[Problem to solve]: From the data below, set down exactly the lines between the one holding "四国カルストが目当てだった。" and the one holding "267 翡翠花鳥紋掛牌連銀鏈", inclusive, and no others.

------ Exercise inputs ------

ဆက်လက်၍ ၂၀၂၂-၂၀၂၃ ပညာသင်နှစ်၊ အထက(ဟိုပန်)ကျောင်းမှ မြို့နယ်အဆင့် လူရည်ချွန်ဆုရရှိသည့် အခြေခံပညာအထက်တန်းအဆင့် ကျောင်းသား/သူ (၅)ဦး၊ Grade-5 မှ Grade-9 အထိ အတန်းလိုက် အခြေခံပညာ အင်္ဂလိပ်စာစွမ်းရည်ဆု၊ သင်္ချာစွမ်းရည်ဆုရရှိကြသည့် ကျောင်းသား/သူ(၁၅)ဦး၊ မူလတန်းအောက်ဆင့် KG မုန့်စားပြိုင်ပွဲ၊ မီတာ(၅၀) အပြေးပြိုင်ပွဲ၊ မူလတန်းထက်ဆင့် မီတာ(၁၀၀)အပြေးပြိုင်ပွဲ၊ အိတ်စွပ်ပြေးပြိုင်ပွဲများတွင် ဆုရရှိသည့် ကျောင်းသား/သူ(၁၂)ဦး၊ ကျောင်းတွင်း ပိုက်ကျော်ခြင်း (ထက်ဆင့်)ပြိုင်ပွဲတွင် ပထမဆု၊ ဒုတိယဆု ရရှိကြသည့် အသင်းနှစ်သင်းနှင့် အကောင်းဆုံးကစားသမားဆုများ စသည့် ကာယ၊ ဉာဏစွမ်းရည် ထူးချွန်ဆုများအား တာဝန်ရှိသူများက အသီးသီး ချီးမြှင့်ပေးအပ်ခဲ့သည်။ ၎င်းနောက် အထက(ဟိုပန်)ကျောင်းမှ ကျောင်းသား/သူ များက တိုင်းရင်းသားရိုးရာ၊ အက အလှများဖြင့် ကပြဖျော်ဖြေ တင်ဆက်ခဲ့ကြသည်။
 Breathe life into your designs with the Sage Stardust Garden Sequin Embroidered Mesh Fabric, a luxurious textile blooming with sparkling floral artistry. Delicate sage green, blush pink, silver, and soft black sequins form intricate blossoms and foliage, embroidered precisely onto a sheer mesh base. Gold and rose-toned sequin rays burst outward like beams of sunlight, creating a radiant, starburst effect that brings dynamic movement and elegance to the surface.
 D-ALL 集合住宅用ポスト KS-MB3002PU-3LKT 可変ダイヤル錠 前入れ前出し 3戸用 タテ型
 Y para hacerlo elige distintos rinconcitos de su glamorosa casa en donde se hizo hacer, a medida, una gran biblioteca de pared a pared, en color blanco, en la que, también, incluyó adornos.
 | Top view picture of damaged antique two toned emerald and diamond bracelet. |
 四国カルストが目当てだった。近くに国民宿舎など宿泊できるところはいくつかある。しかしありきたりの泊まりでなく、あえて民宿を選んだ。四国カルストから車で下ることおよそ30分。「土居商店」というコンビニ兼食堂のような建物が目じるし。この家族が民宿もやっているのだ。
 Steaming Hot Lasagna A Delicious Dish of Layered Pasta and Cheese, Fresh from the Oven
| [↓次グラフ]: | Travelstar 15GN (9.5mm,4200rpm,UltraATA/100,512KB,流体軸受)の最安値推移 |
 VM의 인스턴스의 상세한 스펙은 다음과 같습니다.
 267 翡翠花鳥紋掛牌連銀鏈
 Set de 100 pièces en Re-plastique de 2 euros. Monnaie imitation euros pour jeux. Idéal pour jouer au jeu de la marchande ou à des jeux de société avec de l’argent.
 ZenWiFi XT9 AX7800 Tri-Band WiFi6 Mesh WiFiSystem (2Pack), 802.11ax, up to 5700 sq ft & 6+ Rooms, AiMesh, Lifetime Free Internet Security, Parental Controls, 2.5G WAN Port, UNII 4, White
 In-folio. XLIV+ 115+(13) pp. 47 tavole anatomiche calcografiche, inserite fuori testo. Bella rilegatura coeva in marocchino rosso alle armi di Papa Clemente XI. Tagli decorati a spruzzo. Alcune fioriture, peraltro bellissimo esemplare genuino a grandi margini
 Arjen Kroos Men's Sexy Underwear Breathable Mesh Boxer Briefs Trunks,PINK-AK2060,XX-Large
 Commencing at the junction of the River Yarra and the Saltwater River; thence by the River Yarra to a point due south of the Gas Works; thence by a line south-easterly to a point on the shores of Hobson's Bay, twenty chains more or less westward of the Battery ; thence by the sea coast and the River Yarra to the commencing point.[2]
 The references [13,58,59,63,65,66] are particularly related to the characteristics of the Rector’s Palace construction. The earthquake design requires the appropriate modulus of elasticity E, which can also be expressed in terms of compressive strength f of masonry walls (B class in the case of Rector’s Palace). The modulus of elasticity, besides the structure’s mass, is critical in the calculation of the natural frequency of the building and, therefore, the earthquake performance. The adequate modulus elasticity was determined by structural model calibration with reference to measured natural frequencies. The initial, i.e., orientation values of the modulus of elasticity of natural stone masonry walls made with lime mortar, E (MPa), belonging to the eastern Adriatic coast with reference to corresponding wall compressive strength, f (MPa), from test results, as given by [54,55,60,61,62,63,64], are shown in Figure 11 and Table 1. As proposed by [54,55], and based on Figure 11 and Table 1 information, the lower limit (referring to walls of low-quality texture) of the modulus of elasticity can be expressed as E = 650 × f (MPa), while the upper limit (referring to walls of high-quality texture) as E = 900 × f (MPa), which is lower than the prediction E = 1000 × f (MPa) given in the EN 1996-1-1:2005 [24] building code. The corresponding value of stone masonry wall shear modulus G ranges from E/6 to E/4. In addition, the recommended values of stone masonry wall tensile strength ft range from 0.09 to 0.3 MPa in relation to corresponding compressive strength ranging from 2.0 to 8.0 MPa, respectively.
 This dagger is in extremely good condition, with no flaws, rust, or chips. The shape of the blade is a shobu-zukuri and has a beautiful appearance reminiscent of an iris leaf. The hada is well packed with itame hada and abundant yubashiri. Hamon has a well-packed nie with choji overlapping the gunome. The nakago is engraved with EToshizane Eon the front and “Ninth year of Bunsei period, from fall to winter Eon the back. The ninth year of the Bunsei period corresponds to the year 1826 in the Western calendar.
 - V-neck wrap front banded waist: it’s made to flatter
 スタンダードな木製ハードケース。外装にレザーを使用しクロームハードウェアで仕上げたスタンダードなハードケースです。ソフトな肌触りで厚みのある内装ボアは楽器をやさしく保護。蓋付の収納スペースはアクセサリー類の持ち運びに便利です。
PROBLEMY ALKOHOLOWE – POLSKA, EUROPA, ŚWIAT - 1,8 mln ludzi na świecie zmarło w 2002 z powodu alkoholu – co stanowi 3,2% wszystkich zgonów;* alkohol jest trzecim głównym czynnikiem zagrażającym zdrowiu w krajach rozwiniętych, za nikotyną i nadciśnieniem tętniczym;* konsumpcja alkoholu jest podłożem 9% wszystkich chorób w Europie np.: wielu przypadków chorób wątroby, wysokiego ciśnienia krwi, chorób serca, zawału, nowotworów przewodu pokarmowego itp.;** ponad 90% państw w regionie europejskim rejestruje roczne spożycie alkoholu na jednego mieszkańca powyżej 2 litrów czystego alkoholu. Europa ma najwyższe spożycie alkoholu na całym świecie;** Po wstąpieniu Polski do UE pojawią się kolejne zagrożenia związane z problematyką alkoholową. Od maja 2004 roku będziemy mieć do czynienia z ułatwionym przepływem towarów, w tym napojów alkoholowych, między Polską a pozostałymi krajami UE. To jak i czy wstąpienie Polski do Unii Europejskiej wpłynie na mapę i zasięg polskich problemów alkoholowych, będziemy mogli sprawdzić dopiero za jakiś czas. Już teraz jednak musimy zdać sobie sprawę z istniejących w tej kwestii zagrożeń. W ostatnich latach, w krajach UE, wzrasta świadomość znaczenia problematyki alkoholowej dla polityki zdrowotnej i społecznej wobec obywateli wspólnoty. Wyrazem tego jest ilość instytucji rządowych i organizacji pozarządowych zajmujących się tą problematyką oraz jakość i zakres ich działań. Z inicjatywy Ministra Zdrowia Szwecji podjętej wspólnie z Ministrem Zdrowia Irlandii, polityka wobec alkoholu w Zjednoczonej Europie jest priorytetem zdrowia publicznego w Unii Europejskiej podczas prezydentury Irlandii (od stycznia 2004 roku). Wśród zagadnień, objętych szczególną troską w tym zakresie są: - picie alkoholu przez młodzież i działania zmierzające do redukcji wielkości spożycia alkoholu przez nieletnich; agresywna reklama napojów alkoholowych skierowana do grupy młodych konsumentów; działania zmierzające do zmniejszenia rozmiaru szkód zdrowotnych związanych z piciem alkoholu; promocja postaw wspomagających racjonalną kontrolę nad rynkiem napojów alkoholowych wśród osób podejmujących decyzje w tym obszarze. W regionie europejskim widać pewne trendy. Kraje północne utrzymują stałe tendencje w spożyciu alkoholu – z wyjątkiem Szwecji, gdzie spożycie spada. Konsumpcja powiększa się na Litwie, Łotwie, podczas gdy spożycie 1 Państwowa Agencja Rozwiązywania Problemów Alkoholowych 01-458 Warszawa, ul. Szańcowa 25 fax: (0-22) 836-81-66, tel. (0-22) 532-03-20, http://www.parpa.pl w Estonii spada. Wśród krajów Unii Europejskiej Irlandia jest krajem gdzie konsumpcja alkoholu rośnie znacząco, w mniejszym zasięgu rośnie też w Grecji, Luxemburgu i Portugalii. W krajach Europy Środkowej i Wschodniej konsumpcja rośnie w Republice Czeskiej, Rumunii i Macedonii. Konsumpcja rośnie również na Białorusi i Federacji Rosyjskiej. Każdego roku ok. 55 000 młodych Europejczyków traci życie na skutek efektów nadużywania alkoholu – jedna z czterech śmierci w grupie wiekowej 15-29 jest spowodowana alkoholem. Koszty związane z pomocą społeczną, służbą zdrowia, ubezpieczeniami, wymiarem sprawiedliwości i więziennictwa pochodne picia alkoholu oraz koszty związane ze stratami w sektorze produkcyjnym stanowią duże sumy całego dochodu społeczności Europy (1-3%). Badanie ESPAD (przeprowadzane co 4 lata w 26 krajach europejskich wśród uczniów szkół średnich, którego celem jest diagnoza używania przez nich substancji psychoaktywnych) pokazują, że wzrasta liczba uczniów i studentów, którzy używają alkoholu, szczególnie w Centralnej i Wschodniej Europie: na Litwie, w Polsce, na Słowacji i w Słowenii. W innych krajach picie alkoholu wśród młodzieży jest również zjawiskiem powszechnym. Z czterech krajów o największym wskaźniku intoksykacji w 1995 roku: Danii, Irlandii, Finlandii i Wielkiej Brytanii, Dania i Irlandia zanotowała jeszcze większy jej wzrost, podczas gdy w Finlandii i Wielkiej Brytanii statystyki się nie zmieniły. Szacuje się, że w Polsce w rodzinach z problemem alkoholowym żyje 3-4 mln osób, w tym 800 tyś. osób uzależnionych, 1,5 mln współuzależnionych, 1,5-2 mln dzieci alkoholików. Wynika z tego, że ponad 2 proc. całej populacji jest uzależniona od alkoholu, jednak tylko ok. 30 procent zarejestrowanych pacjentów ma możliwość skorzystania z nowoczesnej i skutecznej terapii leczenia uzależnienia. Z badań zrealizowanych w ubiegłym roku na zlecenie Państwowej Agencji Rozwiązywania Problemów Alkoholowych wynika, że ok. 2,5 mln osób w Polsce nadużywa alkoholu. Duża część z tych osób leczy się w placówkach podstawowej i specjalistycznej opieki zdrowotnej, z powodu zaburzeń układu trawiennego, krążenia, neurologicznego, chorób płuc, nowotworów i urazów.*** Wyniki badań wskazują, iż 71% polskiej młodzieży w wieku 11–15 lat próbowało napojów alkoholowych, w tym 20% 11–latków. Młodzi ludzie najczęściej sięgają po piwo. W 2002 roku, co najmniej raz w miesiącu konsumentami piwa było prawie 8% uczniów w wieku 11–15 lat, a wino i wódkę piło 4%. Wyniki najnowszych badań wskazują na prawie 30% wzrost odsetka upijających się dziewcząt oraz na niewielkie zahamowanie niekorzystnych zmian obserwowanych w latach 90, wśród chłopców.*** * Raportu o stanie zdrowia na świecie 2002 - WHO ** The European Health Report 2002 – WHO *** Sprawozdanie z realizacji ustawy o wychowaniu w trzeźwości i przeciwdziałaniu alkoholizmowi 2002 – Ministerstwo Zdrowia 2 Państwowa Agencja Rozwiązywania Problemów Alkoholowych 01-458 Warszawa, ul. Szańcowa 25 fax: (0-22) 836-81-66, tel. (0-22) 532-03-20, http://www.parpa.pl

------

[Finished exercise]:
 四国カルストが目当てだった。近くに国民宿舎など宿泊できるところはいくつかある。しかしありきたりの泊まりでなく、あえて民宿を選んだ。四国カルストから車で下ることおよそ30分。「土居商店」というコンビニ兼食堂のような建物が目じるし。この家族が民宿もやっているのだ。
 Steaming Hot Lasagna A Delicious Dish of Layered Pasta and Cheese, Fresh from the Oven
| [↓次グラフ]: | Travelstar 15GN (9.5mm,4200rpm,UltraATA/100,512KB,流体軸受)の最安値推移 |
 VM의 인스턴스의 상세한 스펙은 다음과 같습니다.
 267 翡翠花鳥紋掛牌連銀鏈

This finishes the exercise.